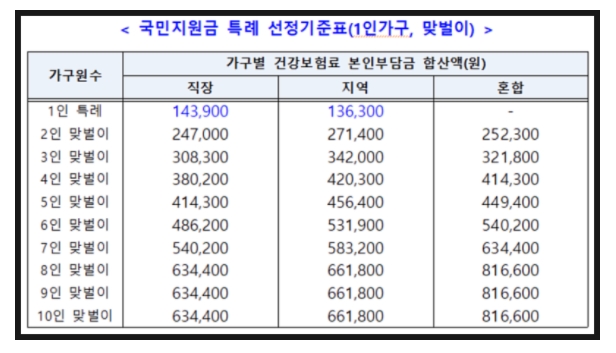 원래 2인 가구 직장보험료 기준은 191,100원 이하인데 특례가 적용되면서 기존 3인에 해당하는 247,700원 이하 기준에서 적용이 됩니다.
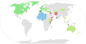 - Pakistan: Between 1467 and 2334 people were killed in U.S. drone attacks as of 6 May 2011.
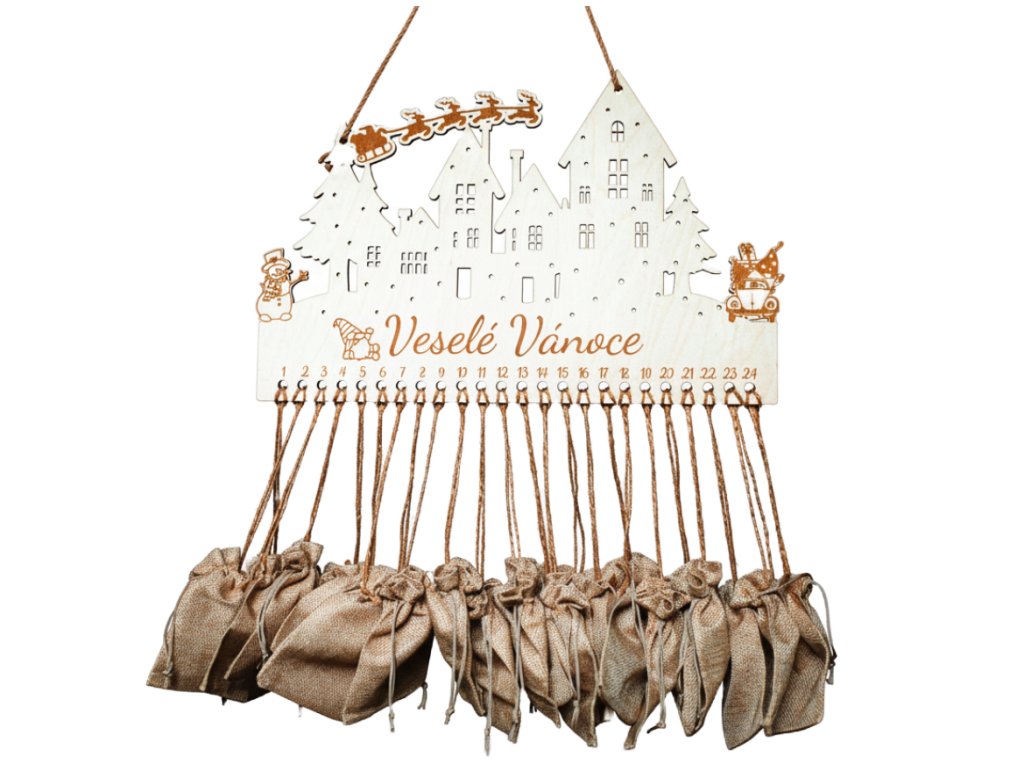 Připravte se na nejpohádkovější období roku s kalendářem, který v sobě skrývá 24 malých radostí! Náš závěsný adventní kalendář je vyroben z prvotřídního březového dřeva a je kompletně vybaven 24 jutovými pytlíčky, připravenými k naplnění drobnými dárky nebo sladkostmi. Je zdoben detailní vánoční krajinou s chaloupkami, sněhulákem a sobami, které táhnou sáně – tradiční dekorace pro moderní domov.

* _Directions_:
Output the lines of the data exactly, starting at the first and ending with the line that has "- Pakistan: Between". Pictures are not part of it.

* _Task output_:
 원래 2인 가구 직장보험료 기준은 191,100원 이하인데 특례가 적용되면서 기존 3인에 해당하는 247,700원 이하 기준에서 적용이 됩니다.
 - Pakistan: Between 1467 and 2334 people were killed in U.S. drone attacks as of 6 May 2011.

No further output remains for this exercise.